I have been struck more by the things that are ending. I keep running into "final things": the last newsletter, the last calendar review... soon it will be last Thanksgiving service then last midweek Advent service and sooner or later, last service. I have been surprised by the grief. While I am excited about the new possibility I am moving through lots of little deaths. This congregation was my first call. It was where I was formed as a pastor at least as much as seminary formed me. This congregation is where my family was started. My oldest was six months old when I began. I now have three children, the youngest of which is almost 17 months.
But I reflected on the upcoming readings for the lectionary... Christ the King and Advent... all eschatological readings that put these in a new context for me. I wrote these reflections up as my final newsletter article...
Sisters and Brothers in Christ,
These last few weeks of 2011 are
full of final things for me. They have
come much more quickly than I thought they would have. I continue being surprised with final things
I do as the pastor of this congregation.
Today Barb and I sat down to go over the church calendar for the last
time. Little by little final things will
arise and will be taken care of and then, they will slip out of my hands, no
longer under my control. I currently live in what feels like a divided
existence. I have something new to look
forward to but I must pass through plenty of little deaths in the meantime. The current time has to come to an end before
the new begins.
Much of the grief from the little
deaths of these final things comes from our shared existence. We have much to look back upon and
celebrate. We have lived together and
shared in the God’s mission for over eight years now. It is hard to imagine that not
continuing. Maybe no pastor leaving his
or her first call can ever imagine the end, but instead it must be lived
through. If I had not actually lived
through pastors leaving the congregation to which I belonged, maybe I would
have no hope. The fear of final things
and the little deaths associated with them might keep me from ever leaving a
congregation.
But the liturgical year arises at
the right time to feel my ears with of the truly final things. Here at the end of the liturgical year, with
the new liturgical year about to begin in Advent, I read over and over the
stories of the end God will bring about.
Passages that can be scary and mysterious and so very often
misunderstood abound in this time. We
hear of the Son of Man coming on the clouds at the end. We hear of final judgment and wrath. And while many preachers might harness these
strangeness to motivate using fear, I hear over and over words of hope.

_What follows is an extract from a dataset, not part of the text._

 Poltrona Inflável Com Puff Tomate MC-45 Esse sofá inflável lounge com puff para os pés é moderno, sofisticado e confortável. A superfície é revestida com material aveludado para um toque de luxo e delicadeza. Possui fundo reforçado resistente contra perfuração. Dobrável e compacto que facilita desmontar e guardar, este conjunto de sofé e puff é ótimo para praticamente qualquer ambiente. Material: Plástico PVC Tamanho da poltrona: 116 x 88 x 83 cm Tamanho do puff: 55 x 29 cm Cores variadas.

No matter how great a loss of
control we might feel, these passages that deal with the end of the world
continue to proclaim one thing again and again.

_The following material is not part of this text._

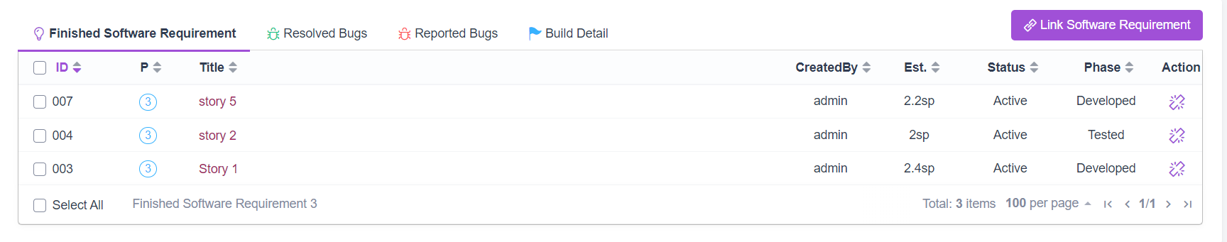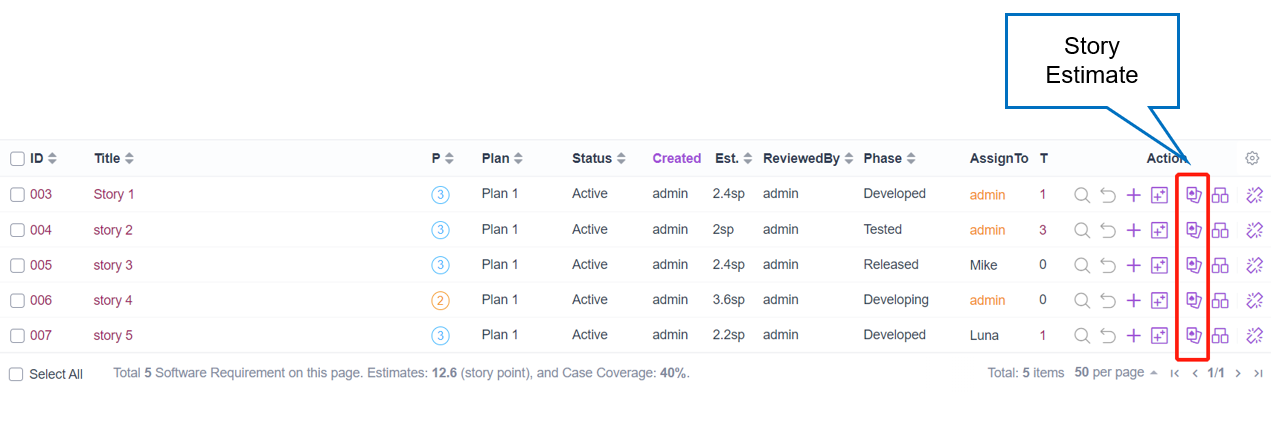 - Select Execution > Execution List > Software requirement > Story Estimate.

We are not in control, but God is.
God has taken a world full of deaths, both great and small and is working
to end it. God has begun this work with
the creation of a covenant people, out of whom came Jesus the Messiah, the one
anointed to save and redeem this fallen world.

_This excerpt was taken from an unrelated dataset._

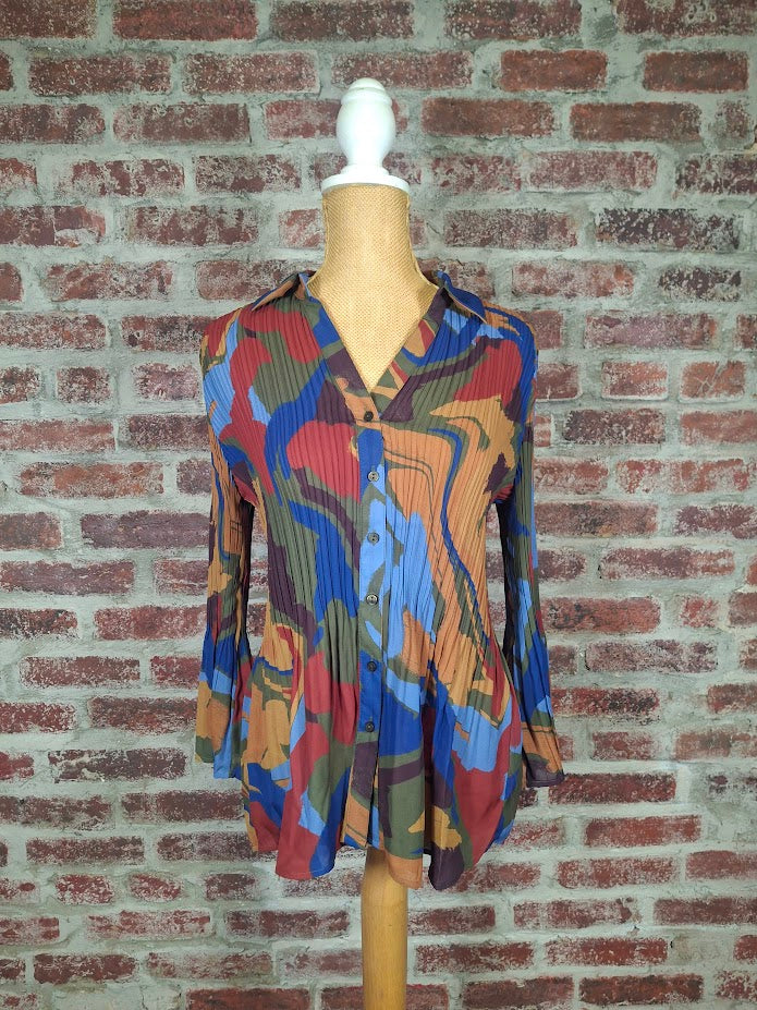 Add a splash of color and whimsy to your wardrobe with this multicolored abstract blouse. Its flowy fabric and playful bell sleeves create movement and fun, while the button-up front gives you versatile styling options. Lighthearted and lively, it's the perfect top to brighten any day!

Jesus came and fully accepted an end that led to death so that the power
of death might be ended forever. We now
live in that time between the times, when the fallen world and the new world
live in juxtaposition. We continue to
see death and grief around us. Yet we
also see the power of Jesus being made real as people are raised to new lives
through the proclamation of the gospel. We
begin to see the new world through the lens of faith as we step out and trust
the promises that are made to us in the waters of baptism.
The realization that God has
everything under control as this world moves through the deaths around us, is a
help for me in many things. I am able to
stand confidently by a grave and proclaim that this body will rise again even
in the midst of my tears. I can sit with
people who have been given a diagnosis of a terminal illness and still pray for
healing and comfort. Right now, I can
face all of these little deaths, all of these final things in my time as pastor
here, and trust that God will be working through the midst of it all to bring
about something new even now for us all.
Most importantly, I know that this little death, this final leaving is
not the end. One continued image we will
hear again and again through the eschatological passages, these passages
dealing with the end, is the gathering around the throne of all of God’s
faithful people, people washed in the blood of the lamb. Once again, Jesus’ death ends the power of
death so that we might be gathered even after death.
I cannot express in words how much
I will cherish my time here at St. Paul.
It was a definite challenge when I arrived. But even knowing now what I had to go through,
if I could go back, I would still choose to serve this congregation again. St. Paul is a congregation full of special
people in a special town with an incredibly special purpose. I have had a great time serving this
congregation as we worked together proclaiming the good news of Jesus
Christ. I am a better pastor because I
have served here. I continue to trust
God will be with this congregation through all things, because that’s the
promise that we hear again and again in scripture.
Nothing is quite so final as God’s
final things. Thanks be to God.
1 comment:
Brian, very moving.
Thanks for sharing this and giving such a good example of how to leave well. God bless you in your new call, you'll be in my prayers.